Output, exactly as written, the lines below from the one that has "A Grade II listed" through the one that has "Automation of flow"; nothing else, and no pictures.

### Listed entries
---

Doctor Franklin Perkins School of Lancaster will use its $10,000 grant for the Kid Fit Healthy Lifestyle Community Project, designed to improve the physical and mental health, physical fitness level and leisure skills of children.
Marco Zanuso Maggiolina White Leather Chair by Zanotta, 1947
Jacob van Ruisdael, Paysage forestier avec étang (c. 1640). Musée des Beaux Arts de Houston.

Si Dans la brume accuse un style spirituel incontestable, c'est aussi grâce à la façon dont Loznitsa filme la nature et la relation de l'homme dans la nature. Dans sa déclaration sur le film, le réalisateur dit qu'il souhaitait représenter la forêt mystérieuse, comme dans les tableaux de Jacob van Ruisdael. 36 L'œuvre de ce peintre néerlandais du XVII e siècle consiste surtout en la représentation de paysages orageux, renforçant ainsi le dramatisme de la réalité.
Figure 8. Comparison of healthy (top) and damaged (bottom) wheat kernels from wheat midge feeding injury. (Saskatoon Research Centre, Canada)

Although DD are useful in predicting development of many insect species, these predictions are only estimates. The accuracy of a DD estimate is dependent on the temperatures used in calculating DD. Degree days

---

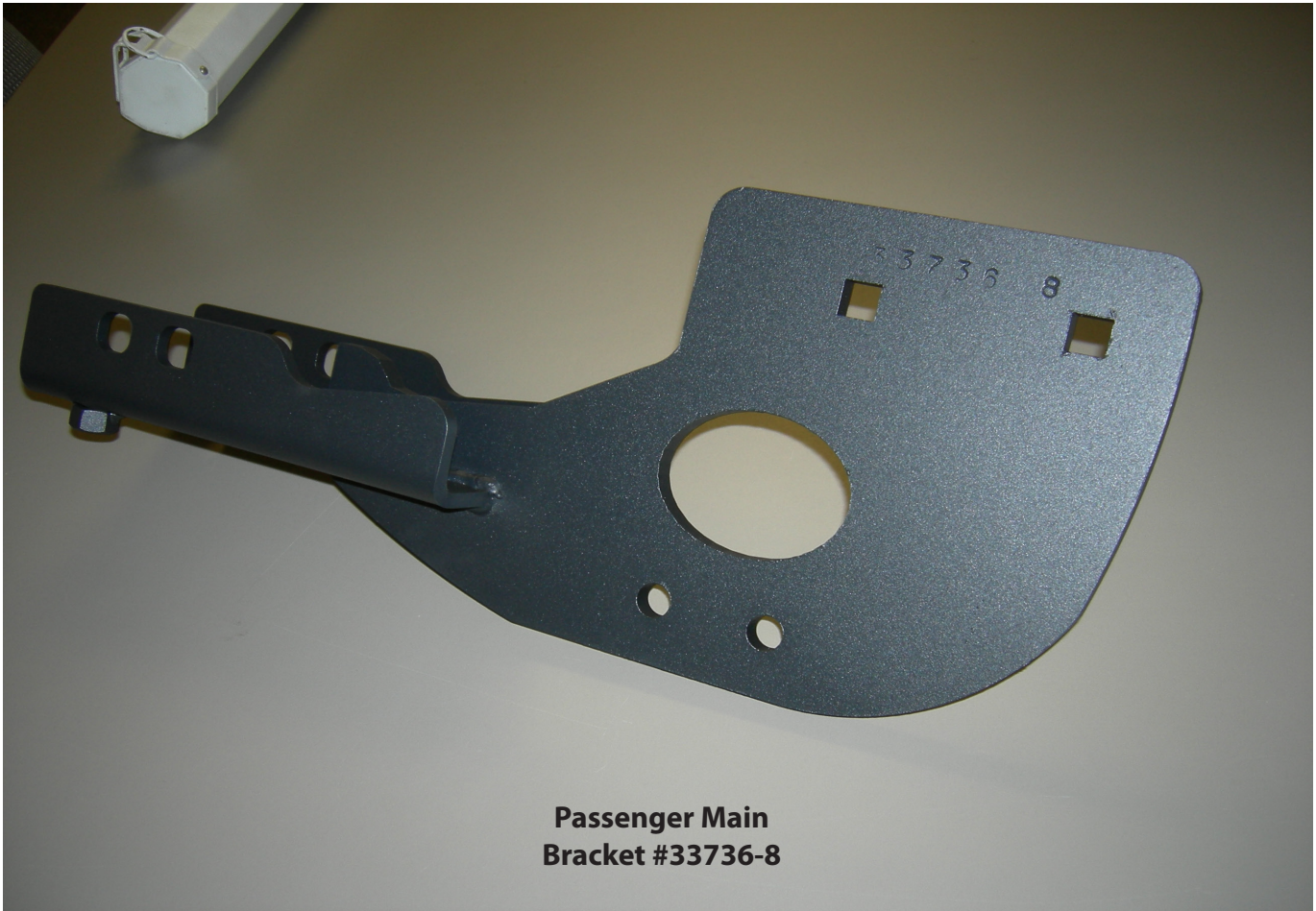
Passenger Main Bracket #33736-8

---

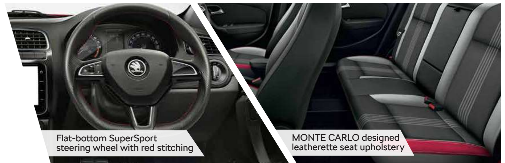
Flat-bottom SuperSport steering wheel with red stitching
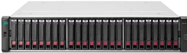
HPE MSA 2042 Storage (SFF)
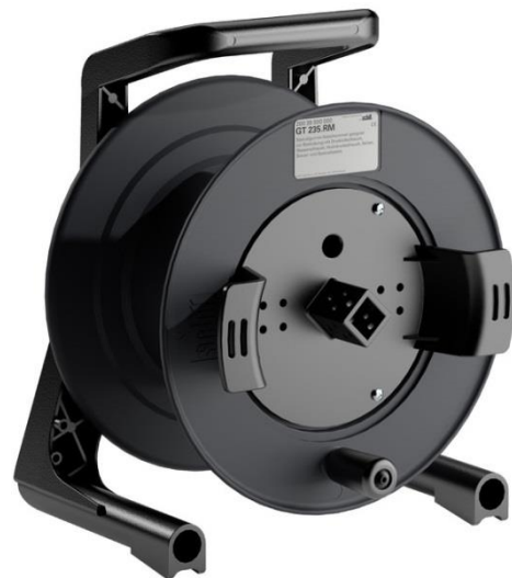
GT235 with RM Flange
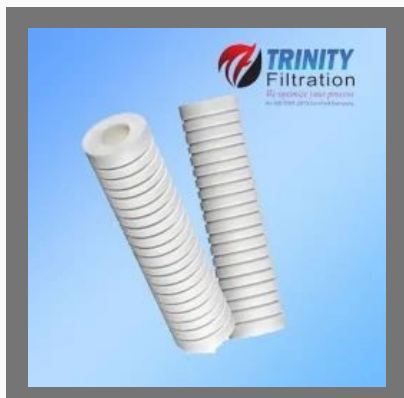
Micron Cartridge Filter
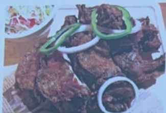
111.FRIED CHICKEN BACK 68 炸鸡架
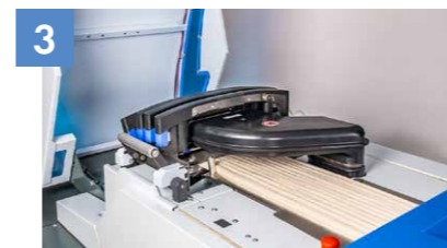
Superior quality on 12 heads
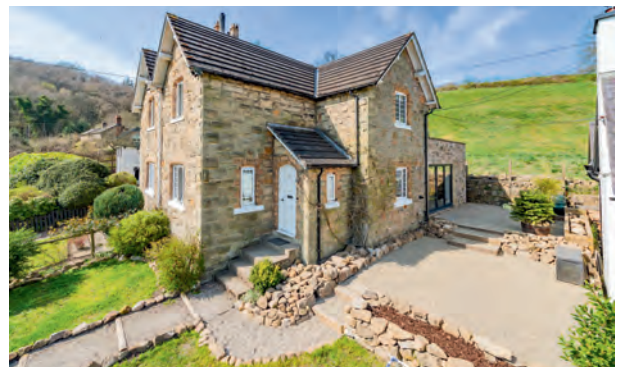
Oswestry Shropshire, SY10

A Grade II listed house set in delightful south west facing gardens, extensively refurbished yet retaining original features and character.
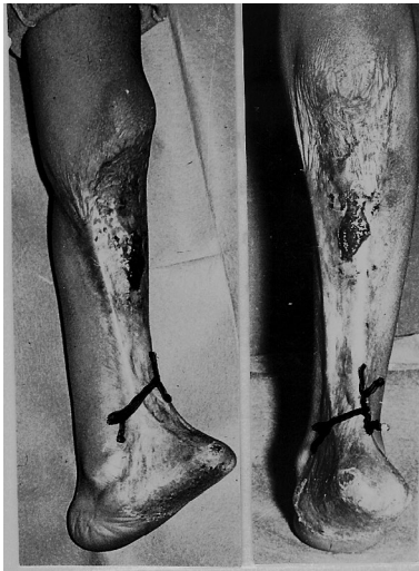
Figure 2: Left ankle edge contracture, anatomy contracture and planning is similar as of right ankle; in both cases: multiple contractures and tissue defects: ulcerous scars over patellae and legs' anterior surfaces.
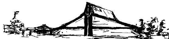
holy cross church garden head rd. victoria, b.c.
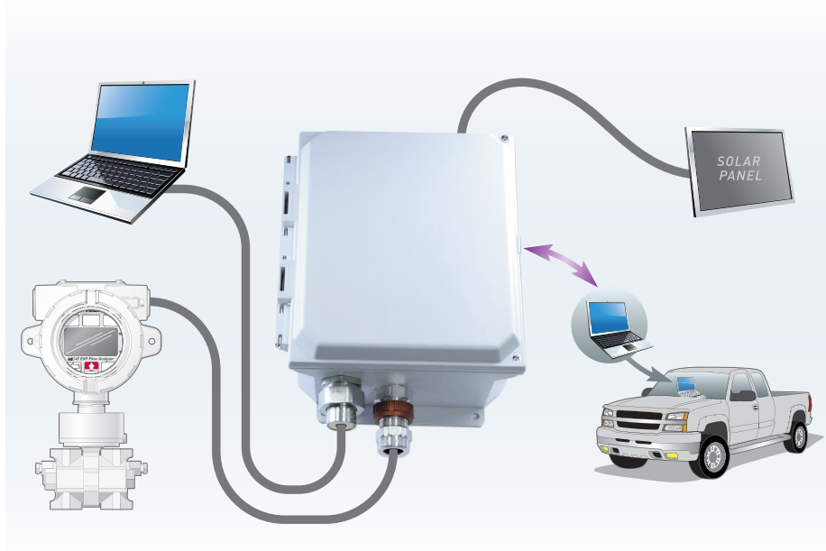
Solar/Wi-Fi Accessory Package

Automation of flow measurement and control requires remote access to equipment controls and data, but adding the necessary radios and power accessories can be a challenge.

---

### Task response
A Grade II listed house set in delightful south west facing gardens, extensively refurbished yet retaining original features and character.
Figure 2: Left ankle edge contracture, anatomy contracture and planning is similar as of right ankle; in both cases: multiple contractures and tissue defects: ulcerous scars over patellae and legs' anterior surfaces.
holy cross church garden head rd. victoria, b.c.
Solar/Wi-Fi Accessory Package

Automation of flow measurement and control requires remote access to equipment controls and data, but adding the necessary radios and power accessories can be a challenge.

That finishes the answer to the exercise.